Activity — Retype the opening lines of the listing below, ending with the line that contains "Суп из кукурузной", and leave out any pictures.

Dataset content —
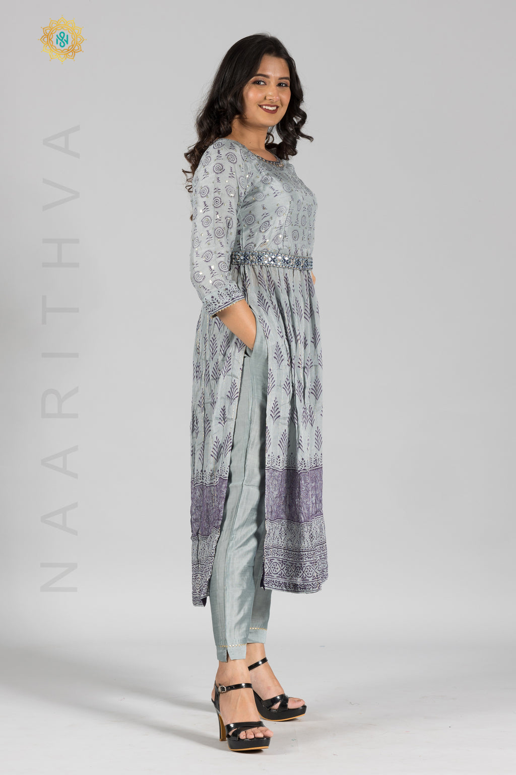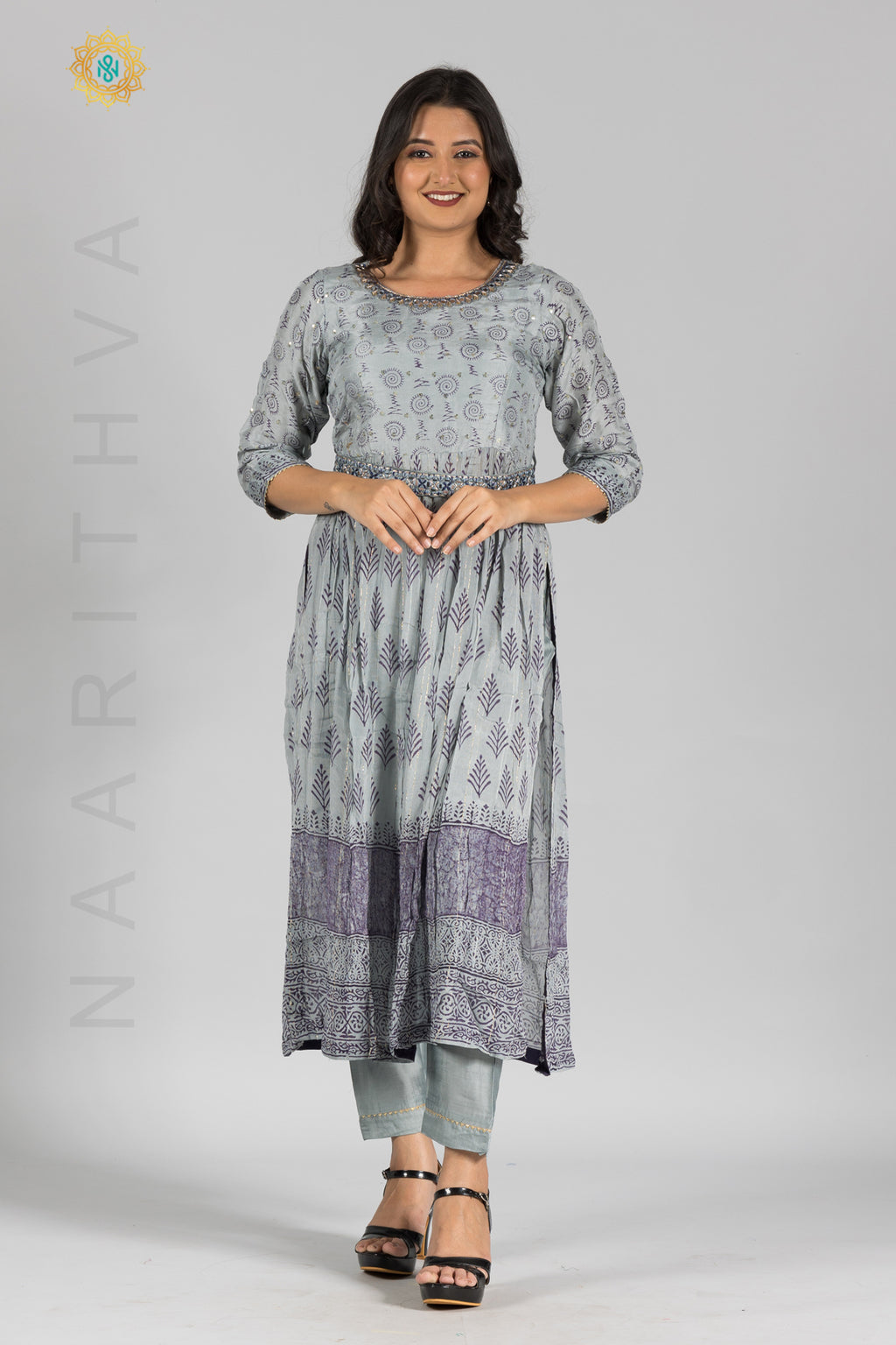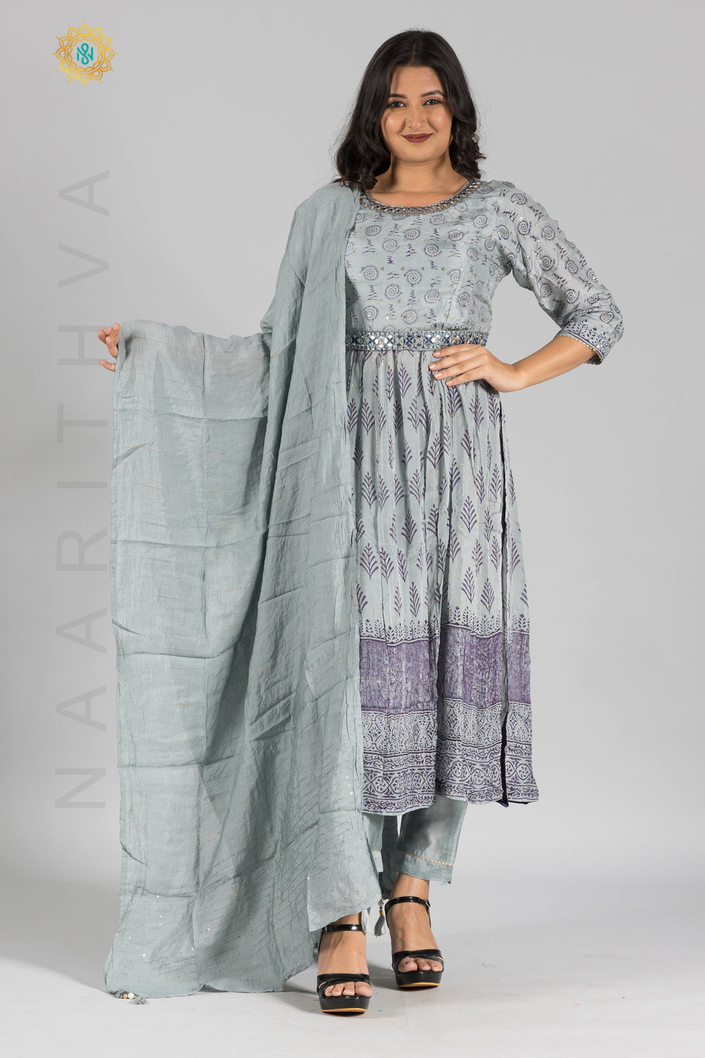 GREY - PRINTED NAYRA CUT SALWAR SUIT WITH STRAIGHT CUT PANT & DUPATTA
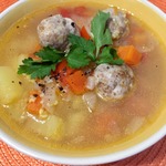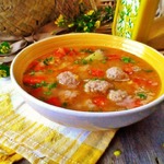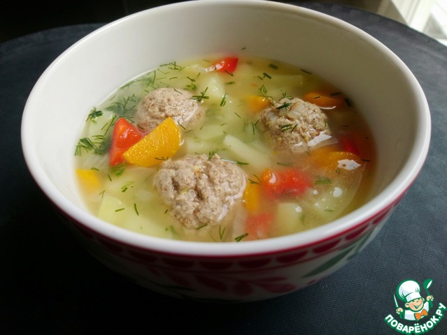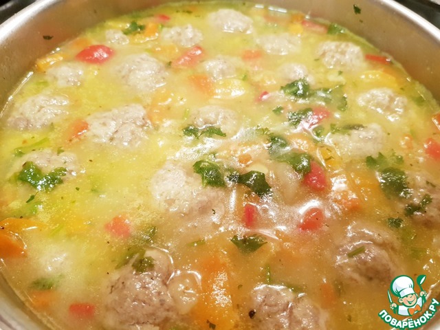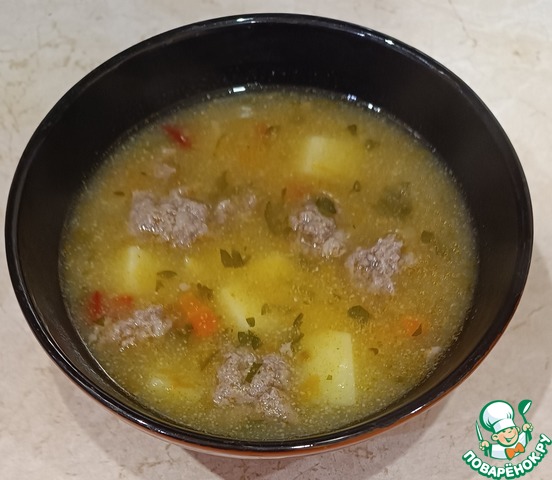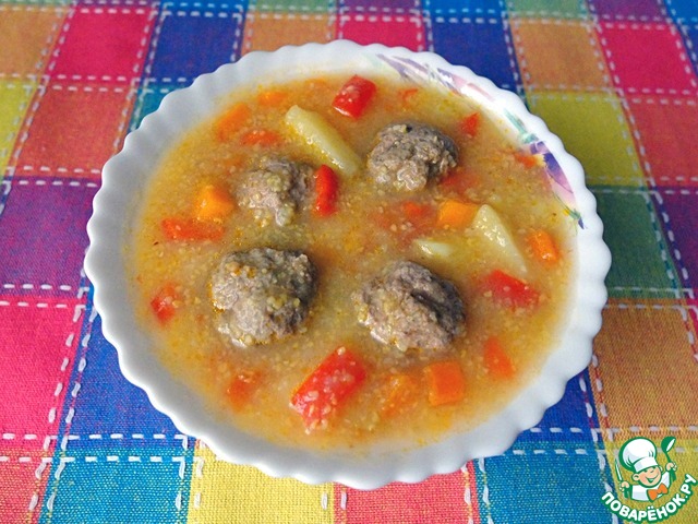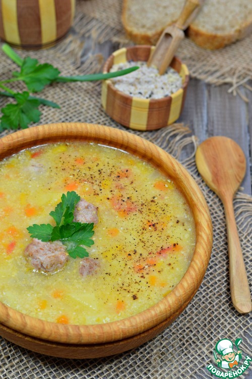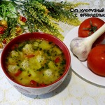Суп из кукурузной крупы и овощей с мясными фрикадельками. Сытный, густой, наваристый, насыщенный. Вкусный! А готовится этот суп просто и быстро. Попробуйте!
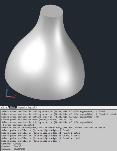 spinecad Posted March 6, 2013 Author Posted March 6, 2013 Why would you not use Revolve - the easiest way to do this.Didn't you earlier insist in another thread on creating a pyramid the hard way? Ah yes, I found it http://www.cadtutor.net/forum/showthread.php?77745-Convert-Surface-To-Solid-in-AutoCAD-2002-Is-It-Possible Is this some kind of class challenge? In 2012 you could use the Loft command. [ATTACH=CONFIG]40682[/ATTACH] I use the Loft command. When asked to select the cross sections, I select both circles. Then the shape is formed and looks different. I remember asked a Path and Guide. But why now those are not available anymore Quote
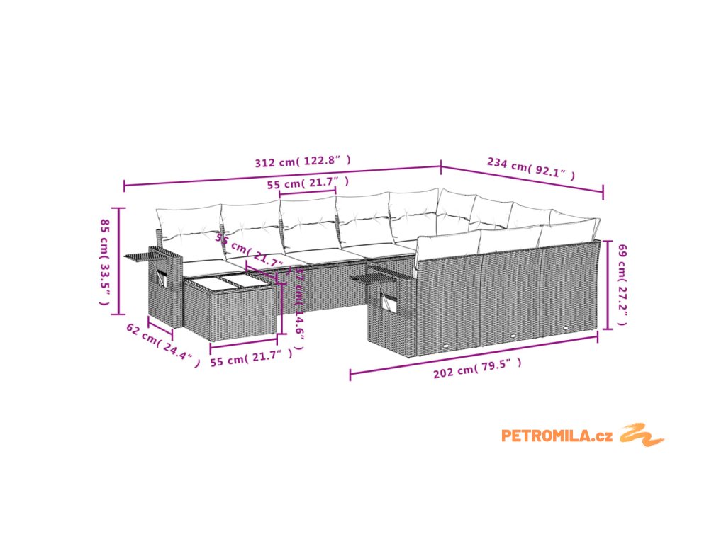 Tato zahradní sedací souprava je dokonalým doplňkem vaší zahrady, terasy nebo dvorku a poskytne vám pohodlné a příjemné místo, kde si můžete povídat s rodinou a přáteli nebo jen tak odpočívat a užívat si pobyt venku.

Written response —
 GREY - PRINTED NAYRA CUT SALWAR SUIT WITH STRAIGHT CUT PANT & DUPATTA
Суп из кукурузной крупы и овощей с мясными фрикадельками. Сытный, густой, наваристый, насыщенный. Вкусный! А готовится этот суп просто и быстро. Попробуйте!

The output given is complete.